Pros & Cons

of Working in the Gig Economy

Pros & Cons of Working in the Gig Economy

By: Amanda Morse

Welcome to the gig economy.


As of 2017, “gig workers” made up 34% of the workforce, and they’re on track to comprise a full 43% by 2020.


How did we get here? Not too long ago, gig work was confined to certain industries and not necessarily a lifestyle many people wanted to embrace. Today, however, that’s changed, as evidenced by the fact that one-third of the workforce subscribes to the gig economy.


We’ve reached a point where businesses of all kinds seek independent contractors to work on short-term projects. And not only are businesses looking to fill those types of “gig” roles, but more workers are looking for that type of arrangement too. And so here we are, with the gig economy in full swing and showing no signs of slowing down.
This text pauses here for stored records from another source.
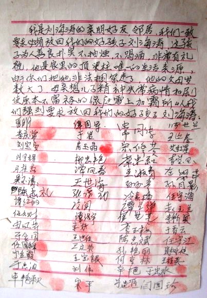 签名书说:“我们是刘海涛的亲朋好友、邻居,我们一致要求返回我们的好孩子刘海涛,这孩子为人善良、朴实、不抽烟、不喝酒、非常有礼貌,他是家里的顶梁柱,是家里唯一的经济来源,由于你们把他绑架走了,他的父母年龄大了,母亲想儿子精神失常病情加剧,使原本不富裕的家庭雪上加霜。所以我们强烈要求放回我们的好孩子刘海涛。”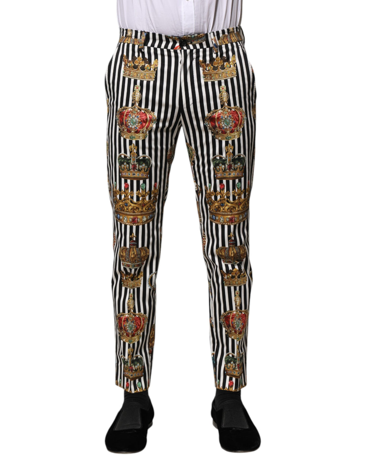 DOLCE & GABBANA Gorgeous brand new, 100% Authentic Dolce & Gabbana dress pants. Model: Formal pants Color: Black, white striped with crown print Material: 97% Cotton 3% Elastane Two front...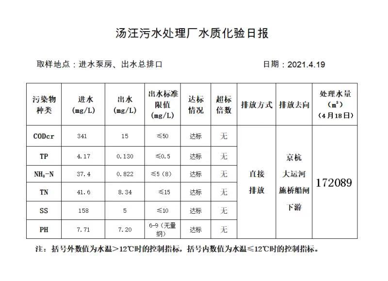 汤汪污水处理厂水质化验日报(2021.4.19)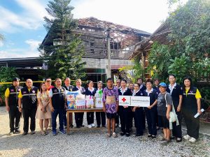 นายกกิ่งกาชาดอำเภอแม่สะเรียง นำภาคีเครือข่ายลงพื้นที่ช่วยเหลือราษฎรประสบเหตุอัคคีภัย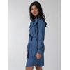 Feminin rett kjole i lett denim med frontknepping med naturfargede knapper ned til livet og løst knytebelte. Kjolen har bærestykke med volangkant, en liten logobadge i metall nede på siden og lang erm med knappet mansjett. Modellen er 170 cm høy og bruker str S.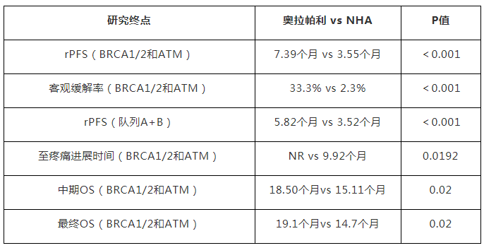 (1)更新PAPR抑制剂奥拉帕利的疗效数据:奥拉帕利的国际多中心III期临床研究PROfound显示,相比较医生选择的新型内分泌药物,奥拉帕利明显提高BRCA1/2和ATM突变患者以及和所有HRR基因突变患者(除BRCA1/2、ATM外还包括BARD1, BRIP1, CDK12, CHEK1, CHEK2, FANCL, PALB2, PPP2R2A, RAD51B, RAD51C, RAD51D, RAD54L))的影像学无进展生存(BRCA1/2和ATM突变患者:7.4 vs 3.6个月, HR=0.34, P<0.001;所有HRR突变患者: 5.8 vs 3.9个月, HR=0.59, P<0.001)和总生存时间(BRCA1/2和ATM突变患者: 19.1 vs 14.7个月, HR=0.69, P=0.02;所有HRR突变患者: 17.3 vs 14.0个月, HR=0.79),并可改善包括ORR、至疼痛进展时间、患者报告的生存治疗评分等多项研究指标。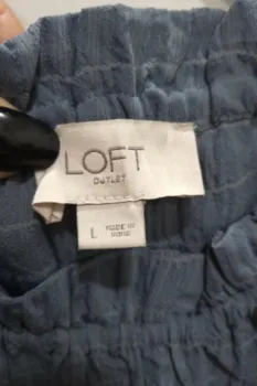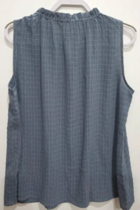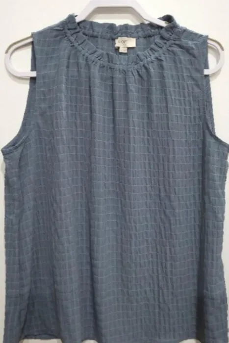 Blusón sin Mangas Loft. Blusón color azul grisáceo. La tela es poliéster similaral crepé y forma cuadritos como se ve en la foto.El cuello tiene resorte.Talla L, viene amplia, incluso podría quedar a XL.Medidas aproximadas: 55cm de axila a axila,42 cm de largo a partir de axila.*TODAS MIS PRENDAS SE DESINFECTAN CON LYSOLLAVANDERIA PARA TU MAYOR TRANQUILIDAD*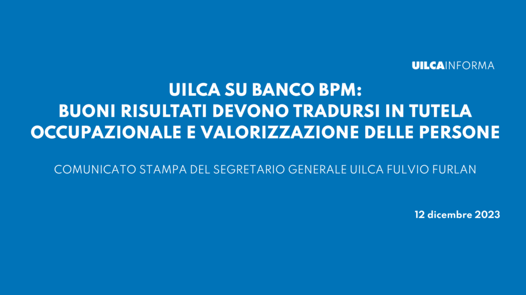 “L’importante processo di sviluppo e consolidamento portato avanti in questi anni da Banco Bpm è sempre stato accompagnato dal Sindacato con spirito costruttivo e propositivo. I risultati raggiunti dalla Banca, in termini patrimoniali e reddituali, che portano importanti remunerazioni per gli azionisti, devono tradursi in valorizzazione delle persone e in tutela occupazionale, con previsioni di assunzioni da concordare nell’ambito dell’indispensabile confronto il Sindacato. Il mantenimento dei livelli occupazionali è alla base di quelle soluzioni condivise ribadite nel recente rinnovo del Contratto Nazionale del credito, a partire dall’ampliamento dell’utilizzo del Fondo per l’Occupazione di settore”, così il segretario generale Uilca Fulvio Furlan al termine dell’incontro di presentazione del piano industriale della banca con l’amministratore delegato Giuseppe Castagna e i segretari generali delle Organizzazioni Sindacali del credito.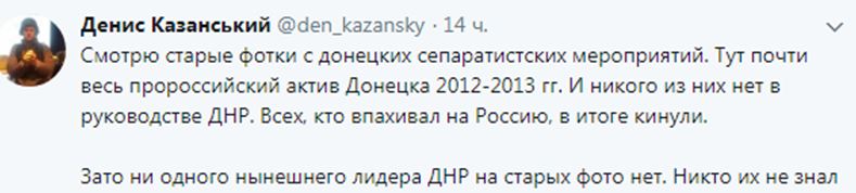 "И никого из них нет в руководстве "ДНР". Всех кто впахивал на Россию, в итоге кинули", - подчеркнул журналист.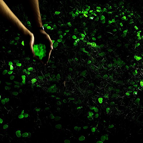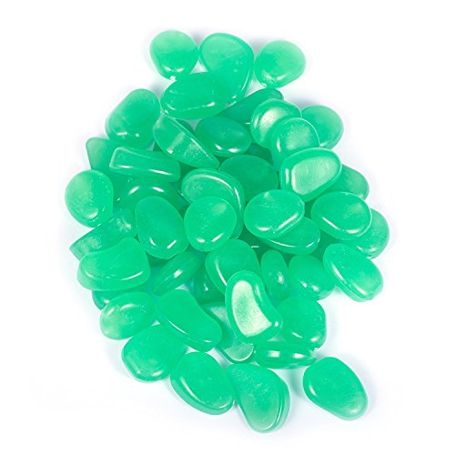 Interomgl 100pcs Glow Solar in the Dark Fairy Garden Pebble Paving Lawn Decorate Drive/Walkway Luminous Stone DIY Vases Gravel for Fish Tank Coral Aquarium Landscaping Window Outside Yard Grass Green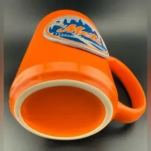 MLB NY Mets 12oz ceramic mug. Orange and Blue w/ a metal etched logo.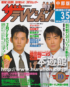 ザ・テレビジョン中部版1993年02月27日-03月05日号織田裕二&石黒賢(表紙)、保阪尚輝、吉川晃司、武田鉄矢、陣内孝則、モノクロ(桜井幸子、真田広之、黒木瞳、三宅裕司、唐沢寿明、安達祐実、ダウンタウン、鶴田真由、松田聖子、菊池桃子、高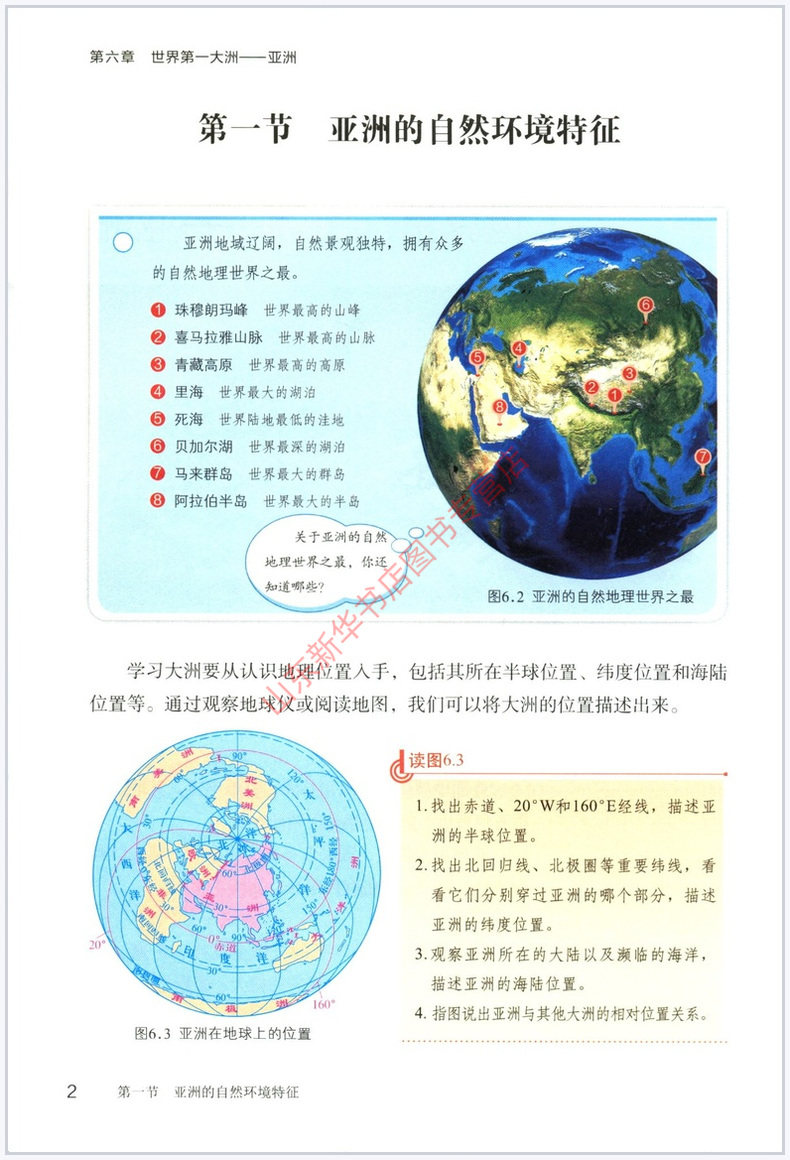 天猫中学七年级下册地理书商务版教材新华书店 初中教材商务部编版义务教育教科书课本七年级下学期地理课本商务印书馆星球地图出版社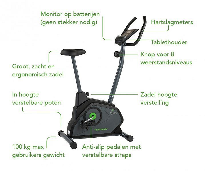 Rotoped TUNTURI Cardio Fit B30 Bike patří do kategorie levnějších rotopedů, ale jeho mechanické provedení, výbava a šlapací vlastnosti jsou v dané cenové relaci na velice solidní úrovni. Rotoped miskový šlapací střed, dopínaným řemenem s s kladkou magnetický brzdný systém ovládaný manuálně. Šlapání na něm je právě díky magnetickému brzdnému systému a kvalitní mechanice naprosto tiché. Stroj je určen pro velice nenáročné domácí využití, setrvačník o hmotností 3 kg, který zaručuje relativně plynulý chod rotopedu. Odpor je řízený manuálním regulátorem v 8-mi stupních od nuly až do maxima. Masivní rám nabízí nosnost 100 kg, sedlo je vertikálně posuvné podle vašich tělesných parametrů. Trenažér má bezpečnostní volnoběh.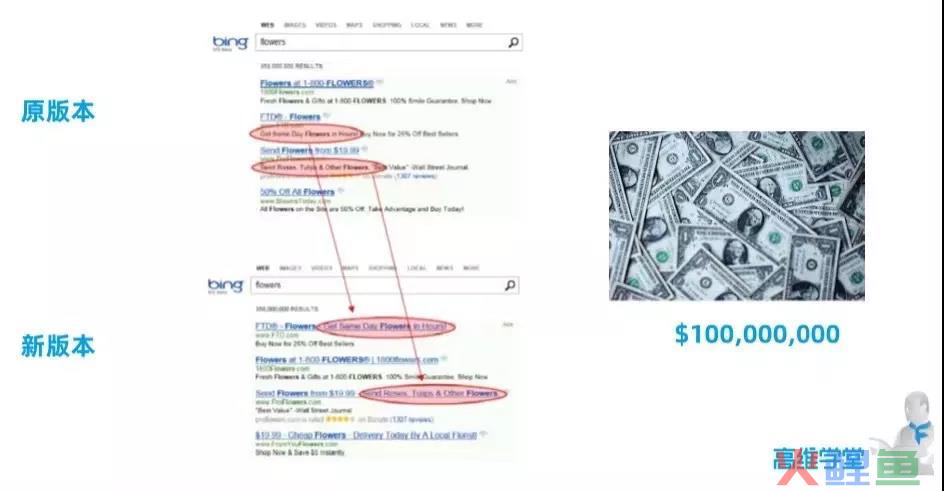 仔细一看,发现因为这个小的改动,居然让用户点击率大大提升!这个小的实验竟然给微软带来了每年1亿美金的收入!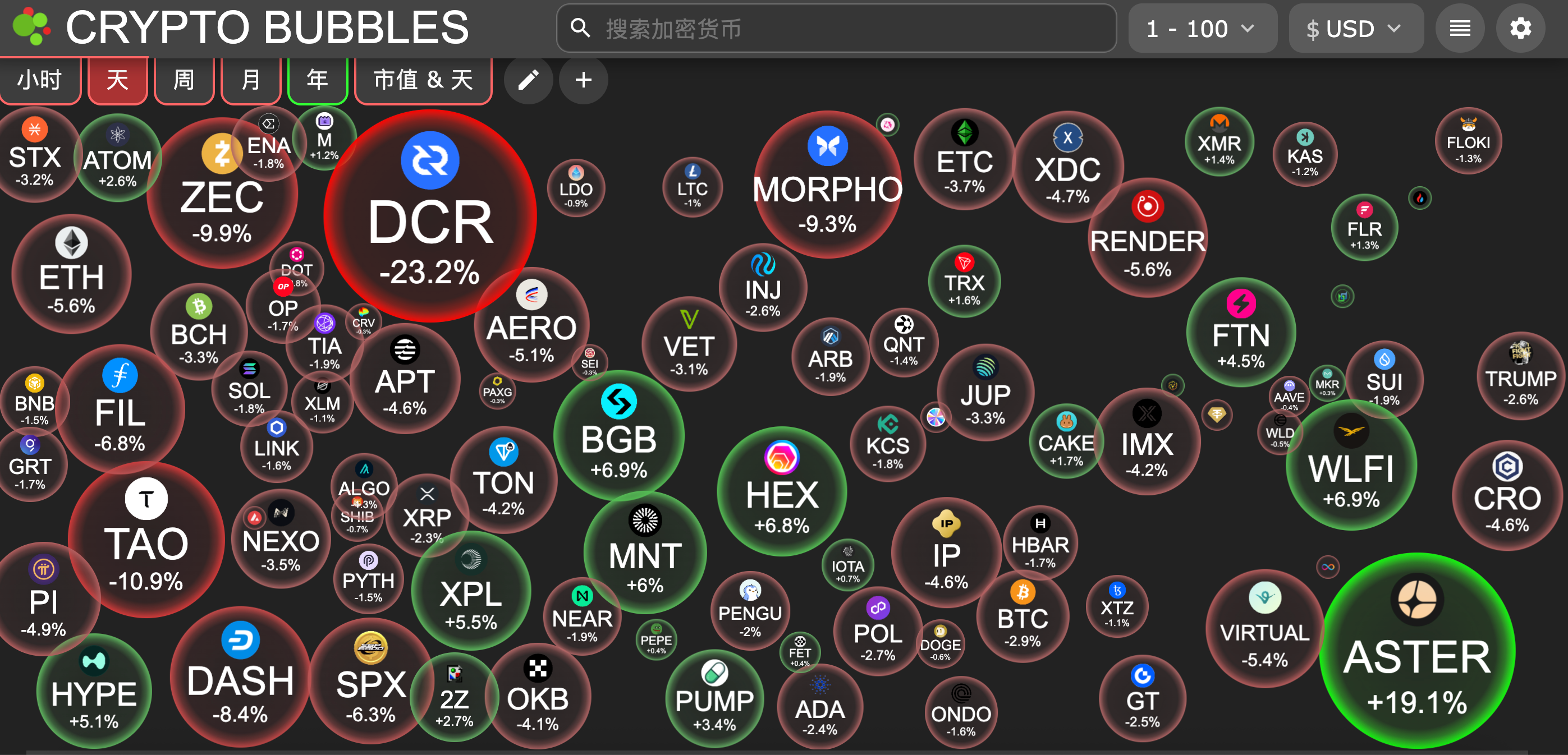 今日市值前100币种最大涨幅:Aster涨19.1%、World Liberty Financial涨6.9%、Bitget Token涨6.9%、HEX涨6.8%、Mantle涨6%。

Is Gig Work Right for You? Pros and Cons of the Gig Economy

Clearly there’s something to gig work given its popularity among both businesses and workers. But how do you know if it’s right for you? Consider the pros and cons of working in the gig economy:

Pros of Working in the Gig Economy

  • Flexible schedule: Working as an independent contractor gives you autonomy over your schedule. Whether that means working adjusted hours or only working certain days of the week, you have a lot of say over when you work.
  • Flexible location: In addition to flexibility around when you work, gig work also provides flexibility around where you work. In many cases, the contract positions you take on will allow you to work remotely. However, even when that’s not the case, because these positions are short-term, you can move around from one location to the next.
  • Variety of work: Going into the same office to see the same people and do the same job every day can get repetitive. The gig economy eliminates this repetition, providing variety in terms of the projects you work on, the industries in which you work, the people with whom you work and so on.
  • Subject matter expertise: If you take on a series of projects that allow you to solve similar problems for a variety of different companies, you’ll end up with a very unique, well-rounded and informed perspective on why those problems occur and how to solve them. As a result, the gig economy provides an opportunity to establish true subject matter expertise in an area that interests you.
  • Learning opportunities: Not sure what type of job is the best fit for you? Taking on different types of roles for shorter periods of time allows you to learn new skills and see what suits you best. Even if you do know what you want to do, the learning opportunities that come with the gig economy can be extremely useful to acquiring new skills.
  • Project choice: In the gig economy, the days of getting assigned to a project that makes you dread going into work every day are over. As an independent contractor, you get the opportunity to choose the projects on which you work and even the people with whom you work.
  • Expanded network: Knowing the right people can make a big difference in all facets of life, and that makes networking critical for success in business and beyond. The gig economy makes it easy to expand your network by providing opportunities to build relationships with more people across more companies than you would working at the same company for years at a time.
  • Try before you buy: If you’re looking for a full-time position but don’t want to jump all in only to find out a few months later that you made the wrong choice, the gig economy can help. Specifically, if it’s a good match between you and the company, there’s the potential that gig work can turn into a full-time role, giving both you and your employer the chance to “try before you buy.”

Cons of Working in the Gig Economy

  • Always thinking about what’s next: When your job only lasts a few weeks or even a few months, you always need to think about what your next project will be -- and that can definitely be a stressful situation. However, developing a relationship with a strong recruiting firm that helps with placements can alleviate some of this pressure.
  • No paid holidays/time off: Full-time jobs come with paid company holidays as well as a set number of paid vacation and sick days, however the same can’t be said for contract positions. While you can still take time off between gigs, this time does not come with a paycheck.
  • More difficult to connect to the workplace culture: An important part of any job is connecting to the workplace culture and establishing relationships with your coworkers. This becomes more difficult to do when you’re moving around between companies and working remotely. That said, making such a cultural connection is possible, you simply have to make more of an effort. You can also connect with other gig workers through local meetups, which can be extremely helpful in mitigating this downside of the gig economy.


The bottom line? Working in the gig economy has its pros and cons, but for most people the pros far outweigh the cons. At a time when work-life balance has become extremely important, getting to choose the time, place and types of projects on which you work and having a variety of experiences throughout the year can prove extremely appealing and fruitful for your career.